BEGIN Exercise data

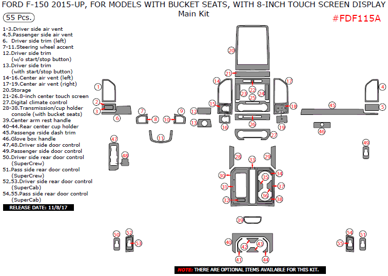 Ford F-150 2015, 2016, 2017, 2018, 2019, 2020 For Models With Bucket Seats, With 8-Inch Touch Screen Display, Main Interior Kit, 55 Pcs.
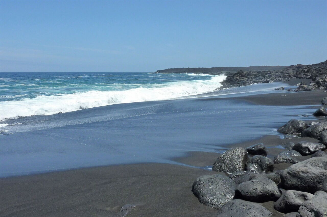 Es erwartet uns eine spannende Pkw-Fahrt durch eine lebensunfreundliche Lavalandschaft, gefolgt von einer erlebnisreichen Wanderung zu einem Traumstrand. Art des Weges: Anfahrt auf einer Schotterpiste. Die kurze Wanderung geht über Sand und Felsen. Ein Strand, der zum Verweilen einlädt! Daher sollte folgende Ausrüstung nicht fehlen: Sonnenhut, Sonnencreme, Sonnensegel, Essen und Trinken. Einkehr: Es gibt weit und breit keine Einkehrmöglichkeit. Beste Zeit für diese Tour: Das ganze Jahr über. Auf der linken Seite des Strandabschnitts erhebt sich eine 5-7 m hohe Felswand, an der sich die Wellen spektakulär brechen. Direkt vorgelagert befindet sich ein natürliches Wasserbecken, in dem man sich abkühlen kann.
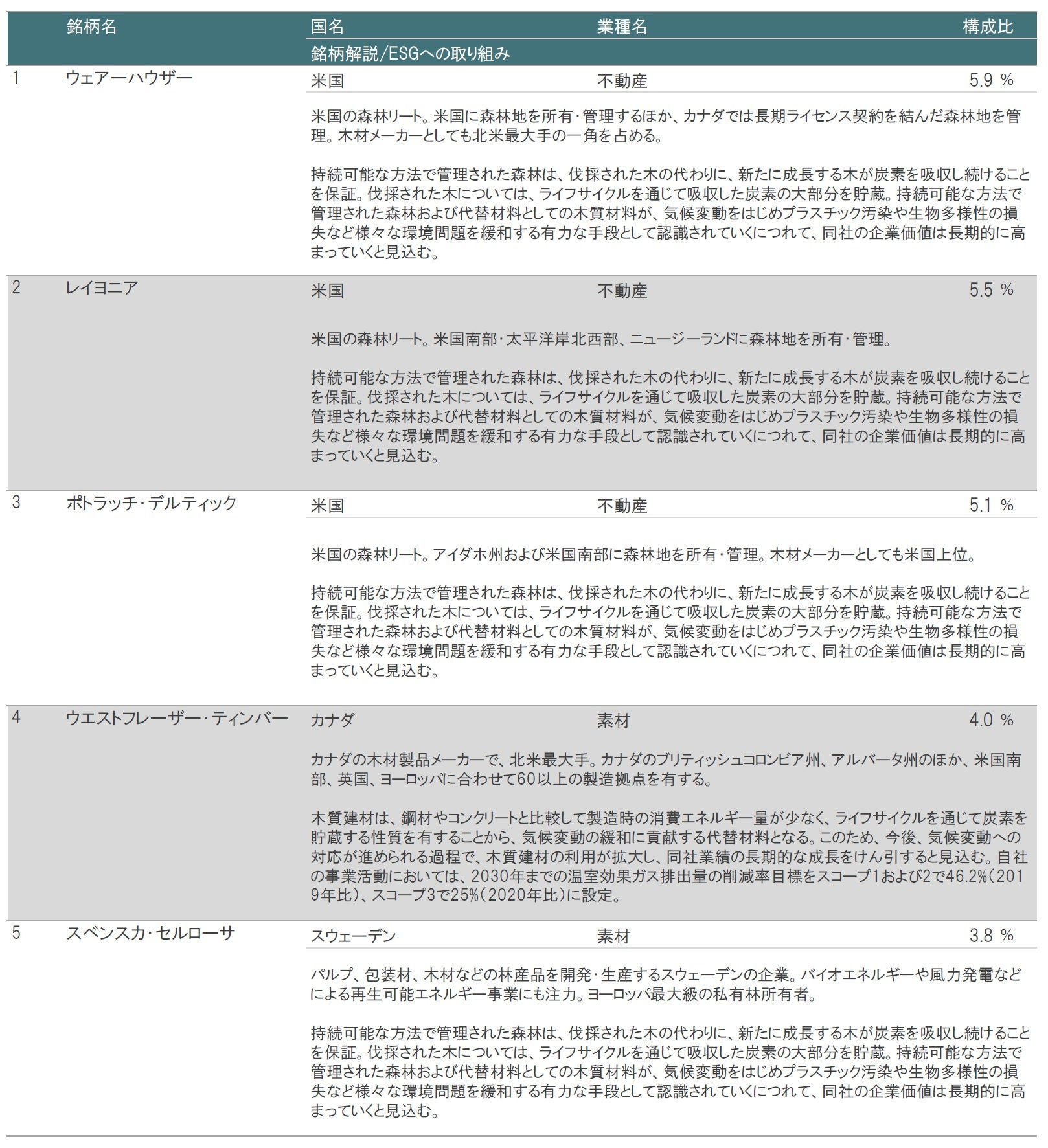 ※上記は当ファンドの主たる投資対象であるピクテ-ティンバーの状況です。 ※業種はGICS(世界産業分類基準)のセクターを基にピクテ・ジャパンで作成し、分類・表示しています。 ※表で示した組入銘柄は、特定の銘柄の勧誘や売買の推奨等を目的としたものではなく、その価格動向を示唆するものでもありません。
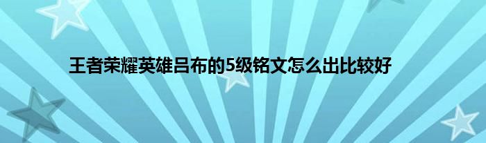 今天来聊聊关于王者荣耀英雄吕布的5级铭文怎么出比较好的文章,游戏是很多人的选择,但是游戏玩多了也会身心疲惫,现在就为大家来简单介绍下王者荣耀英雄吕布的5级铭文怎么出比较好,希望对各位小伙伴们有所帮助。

END Exercise data

## What is expected
With the pictures set aside, copy each line above as written.

## Task solution
 Ford F-150 2015, 2016, 2017, 2018, 2019, 2020 For Models With Bucket Seats, With 8-Inch Touch Screen Display, Main Interior Kit, 55 Pcs.
 Es erwartet uns eine spannende Pkw-Fahrt durch eine lebensunfreundliche Lavalandschaft, gefolgt von einer erlebnisreichen Wanderung zu einem Traumstrand. Art des Weges: Anfahrt auf einer Schotterpiste. Die kurze Wanderung geht über Sand und Felsen. Ein Strand, der zum Verweilen einlädt! Daher sollte folgende Ausrüstung nicht fehlen: Sonnenhut, Sonnencreme, Sonnensegel, Essen und Trinken. Einkehr: Es gibt weit und breit keine Einkehrmöglichkeit. Beste Zeit für diese Tour: Das ganze Jahr über. Auf der linken Seite des Strandabschnitts erhebt sich eine 5-7 m hohe Felswand, an der sich die Wellen spektakulär brechen. Direkt vorgelagert befindet sich ein natürliches Wasserbecken, in dem man sich abkühlen kann.
 ※上記は当ファンドの主たる投資対象であるピクテ-ティンバーの状況です。 ※業種はGICS(世界産業分類基準)のセクターを基にピクテ・ジャパンで作成し、分類・表示しています。 ※表で示した組入銘柄は、特定の銘柄の勧誘や売買の推奨等を目的としたものではなく、その価格動向を示唆するものでもありません。
 今天来聊聊关于王者荣耀英雄吕布的5级铭文怎么出比较好的文章,游戏是很多人的选择,但是游戏玩多了也会身心疲惫,现在就为大家来简单介绍下王者荣耀英雄吕布的5级铭文怎么出比较好,希望对各位小伙伴们有所帮助。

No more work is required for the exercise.